Im Kontext der Philosophie der Freiheit ist das Bestimmende stets der ideelle Anteil der Wahrnehmung, der Begriff oder das Gesetz, mag es nun erkannt sein oder nicht. Dieses Gesetz, das die Wahrnehmung bestimmt, indem es in ihr wirkt, ist aber seinerseits wesenhaft, es ist Ausdruck eines Wesens. Geistige Kollektivwesen wirken in der Natur, in der naturhaften Seite des Menschen, in der Gesellschaft: mögen sie auch Individualitäten sein, weil geistige Wesen stets Individualitäten sind, so erscheinen sie den Individuen gegenüber, die durch sie bestimmt werden, doch als Kollektivmächte.

»Das bewusste Wirken der einzelnen Menschen ist keineswegs alles, womit man bei einer Familie, einem Stamme, Volke, einer Rasse zu rechnen hat …«, führt Steiner in Wie erlangt man … aus. »Und in dem Leben einer Familie, eines Volkes, einer Rasse wirken außer den einzelnen Menschen auch die ganz wirklichen Familienseelen, Volksseelen, Rassengeister«.

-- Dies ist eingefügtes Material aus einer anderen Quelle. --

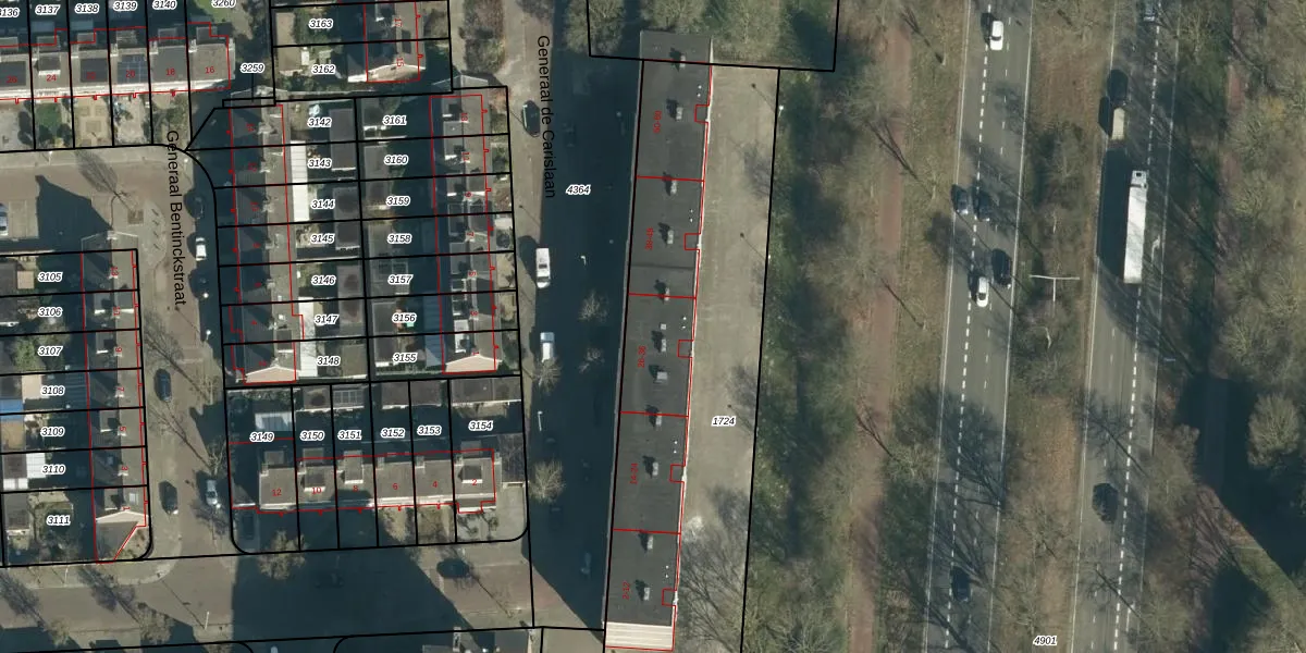 Het perceel waarop Generaal de Carislaan 32 staat heeft een oppervlakte van 1998 m². Dit is een zeer groot perceel. De perceeloppervlakte wordt geregistreerd door het Kadaster. Gedetailleerde informatie over de maten van dit perceel kunt u vinden in het rapport Kadastrale kaart met maatvoering van Generaal de Carislaan 32.

Wer die Gesetze, die in diesen Kollektiven wirken, nicht durchschaut, wird unbewusst durch sie bestimmt, er ist ein Sklave seiner »Rassen-« oder »Klasseninstinkte« und insofern unfrei. Das gilt übrigens auch für die Konventionen »wissenschaftlicher« Denkkollektive und die Institutionen, in denen sie sich stratifizieren. »Von dem Zeitpunkte an, wo der Geheimschüler dem Hüter der Schwelle begegnet«, hat er jedoch »nicht bloß seine eigenen Aufgaben als Persönlichkeit zu kennen, sondern er muss wissentlich mitarbeiten an denen seines Volkes, seiner Rasse«. Er darf sich also ebensowenig durch die gesellschaftliche Konvention, wie durch die Vererbung oder die Eigenschaften bestimmen lassen, die ihm durch die Natur zuteil geworden sind.

Wirkliche Freiheit bedeutet, die in diesen Kollektiven wirkenden Gesetze – also Wesenheiten, Mächte – zu durchschauen und sich von ihnen zu emanzipieren. Der Geistesschüler muss aus der instinktiven, unbewussten »Gemeinsamkeit ganz heraustreten«. Er muss »heimatlos«, ein Flüchtling werden: »Erst der Geheimschüler lernt erkennen, was es heißt, ganz verlassen sein von Volks-, Stammes-, Rassegeistern. Erst er erfährt an sich selbst die Bedeutungslosigkeit aller solcher Erziehung für das Leben, das ihm nun bevorsteht. Denn alles, was an ihm heranerzogen ist, löst sich vollständig auf …« (Die »Heimatlosigkeit« wird Steiner später als grundlegenden Charakterzug des Eingeweihten beschreiben). »Der Hüter der Schwelle«, so heißt es weiter, »zieht … einen Vorhang hinweg, der bisher tiefe Lebensgeheimnisse verhüllt hat. Die Stammes-, Volks- und Rassengeister werden in ihrer vollen Wirksamkeit offenbar; und der Schüler sieht ebenso genau, wie er bisher geführt worden ist, als ihm andererseits klar wird, dass er nunmehr diese Führerschaft nicht mehr haben wird«.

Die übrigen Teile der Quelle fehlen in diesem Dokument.